A Reflection On Prairie Visions Writing Workshop at the Spirit Room
Last Sunday afternoon I had the privilege of attending a writing workshop conducted by Karla Smart-Morstad, Professor Emeritus at Concordia College. This was a Prairie Visions event hosted by the Spirit Room and supported by the North Dakota Council on the Arts.
The workshop took place among Kimble Bromley’s paintings in the Lotus Studio, where tables, chairs, and refreshments were set up. The tables were covered in quotes from famous writers printed on notecards, some of which had star-shaped stickers on them.
“If it has the two little stars, it’s one of my favorite quotes about the writing process,” Smart-Morstad explained. “If it’s a card that doesn’t have a star on it, it’s one of my favorite quotes about spirit of place.”
Spirit of place was one of the running themes of the workshop, as was sensory detail, descriptive narration, and childhood memory. These themes were inspired by the work of Pulitzer Prize-winner Hamlin Garland, who wrote about the trials of Midwestern farmers in the late 19th and early 20th centuries.
Each participant in the workshop got a free copy of Prairie Visions, a compilation of Hamlin Garland’s work complemented by the photographs of Jon Morris, which are currently on display in Gallery I of the Spirit Room. This workshop took place just the day after Morris gave an artist’s talk at the exhibition.
“Something he said just really resonated with me,” Smart-Morstad said of Morris. “He said ‘I wasn’t trying to illustrate Hamlin Garland’s work. I was going to the setting where Garland grew up, the setting that spoke to him and where he was at home’… So today we’re not trying to rewrite Hamlin Garland’s work.
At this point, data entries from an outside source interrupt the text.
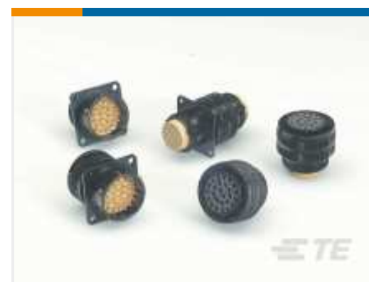
TE Teilnr.:ZPF000000000095953 FDBA 50-14-15 PN-K 090 A499
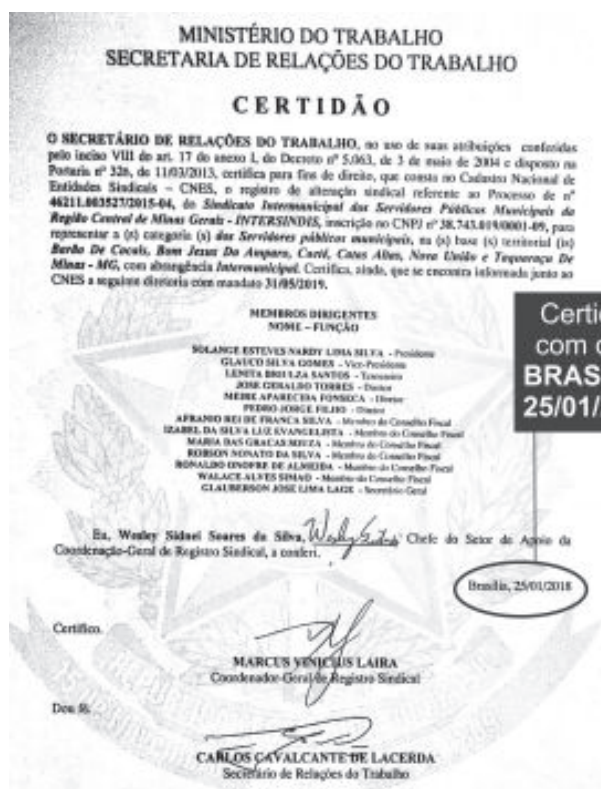
Certidão conferindo ao Intersindis direito a assistir servidores públicos municipais de Barão de Cocais
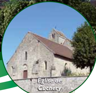
Église de Cuchery
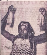
Lydia Olatun-dan pebi ohun iha aje re

Mo wa pe akiziji ayin onkawe si ero awon mejji na pe, o tako ara won. Bi ero etarin mejji ba si tako ara wot bayi, bi nikan ba je
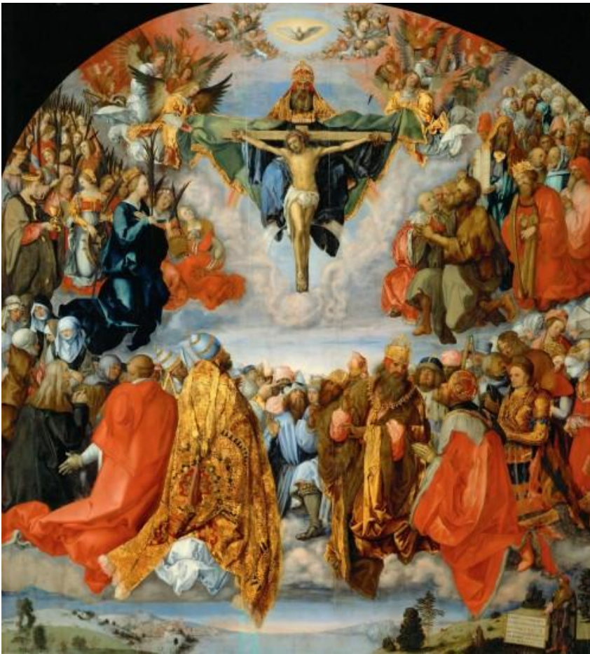
Durero santísima trinidad

La Iglesia enseña que la Santísima Trinidad es el misterio central de la fe cristiana. Pero, ¿cuánto sabes acerca de este misterio? ¿Cuál es su historia?
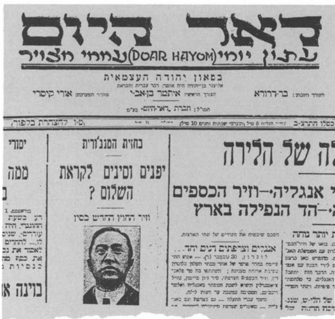
"דואר היום" כותרת שהיתה לו בשנותיו האחרונות

חידוש נוסף, שהיה בבחינת צלם בהיכל בעיני העתונים המתחרים, היה פרסום תצלומים בעמוד הראשון. עמוד זה של "דואר היום" כפי שעוצב בידי עורכו, היה חי ותוסס: כותרות באותיות של קידוש לבנה, תצלומים ומברקים עם כיתובים גדולים, בזמן שבעתונים האחרים הופיעו ידיעות מהעולם תחת כותרת אחת כללית — טלגרמות. את הגלופות המוכנות קיבל "דואר היום" דרך קבע משתי חברות אירופיות שסיפקו גלופות לעתונים — קלסטרס של אישים מפורסמים ותצלומי אירועים.
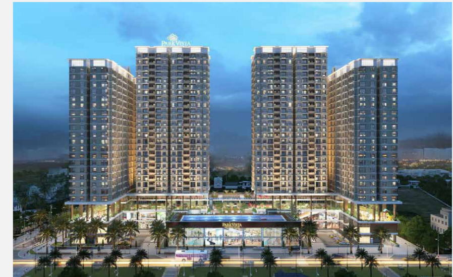
DỰ ÁN: Khu dân cư Đông Mê Kông East Mekong residential area

We’re going to try to use his style, with loads of sensory detail and snippets of dialogue and a focus on a story that happened once.”
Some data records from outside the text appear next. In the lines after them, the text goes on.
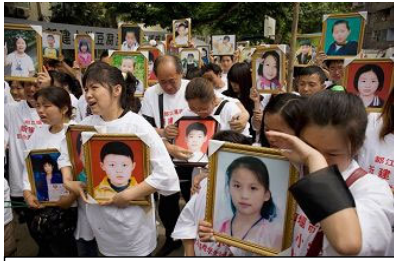
六月一日，四川都江堰500余名家长神情悲愤的相聚一起，誓为地震中死难的亲人讨还公道，也为死难的孩子们补上最后一个儿童节。

【明慧网二零零八年六月二日】星期天（6月1日）儿童节上午，四川都江堰新建小学地震死难学生的数百名父母来到学校废墟，哀悼失去的亲骨肉。新建小学在此次地震中有243名学生遇难。据BBC报导，数百名学生父母站在新建小学的操场上。他们回到自己孩子的学校要讨还公道。这些父母们手里都捧着自己孩子的遗像，每一名死难学生的父母都身穿“为遇难学生讨回公道的”体恤衫。一名母亲对着自己死去的孩子说：“孩子你死得冤啊！”
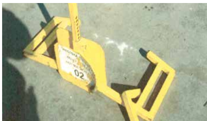
Egyszerűnek tűnt a megoldás

papuccsal együtt, felszerelte a pótkereket, majd egy közeli autójavító műhelybe vitte és lefűrészelte a kerékről a kerékbilincset. Ezzel 160 eurós kárt okozott a városi rendőrségnek. A nyomozó hivatalos személy elleni támadás miatt indított büntetőeljárást a 39 éves férfi ellen.
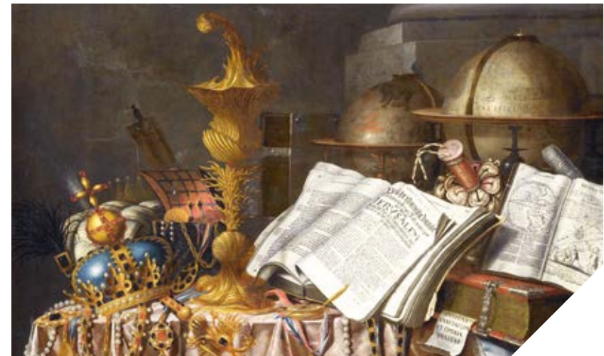
Vanitas-stilleven, Edwaert Collier, 1662, Collectie Rijksmuseum Amsterdam

Een kunstwerk waarin het vanitas-thema de hoofdrol speelt, verbeeldt dat het plezier van het leven slechts een moment duurt. Omdat je tijd op aarde beperkt is, zou je ten volle van het huidige moment moeten genieten. De symboliek van een schedel of overrijp fruit verwijst naar onze sterfelijkheid. Muziekinstrumenten laten de vluchtigheid van muziek zien, die verlinkt zodra de laatste noot is gespeeld.

As an example, she read one of her prose pieces, “November,” which focuses on a childhood memory of her father and brother returning from a hunting trip. The five senses are well utilized in the descriptions of the home environment: “The door crashes shut behind me. The garage is cold. It smells like November. Tomato plants hang along the southeast wall… My toes curl across the cement floor.”
After allowing us time to free-write our own childhood memories, Smart-Morstad handed out charts for us to fill out sensory details and enrich the spirit of place in the scenes we’d written.